6

I am processing a large amount of landsat data. Landsat scenes ship as a collection of tiffs- one file for each spectral band, plus a bunch of masks. I need to stack some of the bands into a single tiff for subsequent processing. I can easily do this in various programs, but would like to automate the process using GDAL in python. I will eventually need to automate the stacking of hundreds or thousands of images, so efficiency will be important.

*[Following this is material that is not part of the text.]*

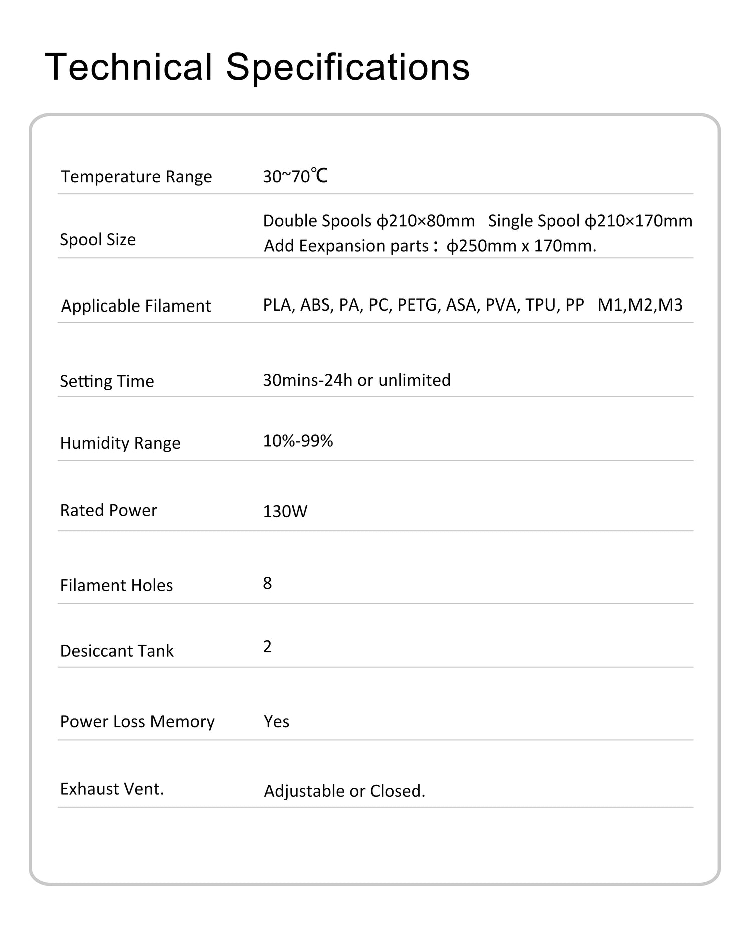 The combination of these features enhances the operational flexibility and filament protection capabilities of POLYPHEMUS, enabling you to achieve optimal drying results.

I have written a script which is simple and perfectly functional but feels extremely hacky- I open the desired tiffs, convert them to numpy arrays, stack the arrays, and save the stacked array to a new geotiff with metadata taken from the input. Here is a simplified version of the code:

from osgeo import gdal, gdal_array
import numpy as np
b1 = gdal.Open("LT50250232011160PAC01_sr_band1.tif")
b2 = gdal.Open("LT50250232011160PAC01_sr_band2.tif")
array1 = b1.ReadAsArray()
array2 = b2.ReadAsArray()
stacked = np.array([array1,array2])
gdal_array.SaveArray(stacked.astype("int"), "b12_stacked.tif", "GTiff", gdal.Open("LT50250232011160PAC01_sr_band1.tif"))

If possible, I'd like to avoid converting the data to numpy arrays, and just stack the gdal.Dataset objects (b1 and b2). This would make the code cleaner and presumably more efficient. It seems like it should be straightforward to do, but I have not been able to find any information on how to do it.

Alternate approaches which I have come across in research would be to use gdal_merge.py or vrts (as suggested here). Neither of these strikes me as ideal; gdal_merge is designed for tasks much more complicated than mine and presumably involves a lot of overhead, while vrts are only usable in the command line. However, if the approach I outlined above is not feasible, would one of these appraoches be more efficient/pythonic than the hack I have already written?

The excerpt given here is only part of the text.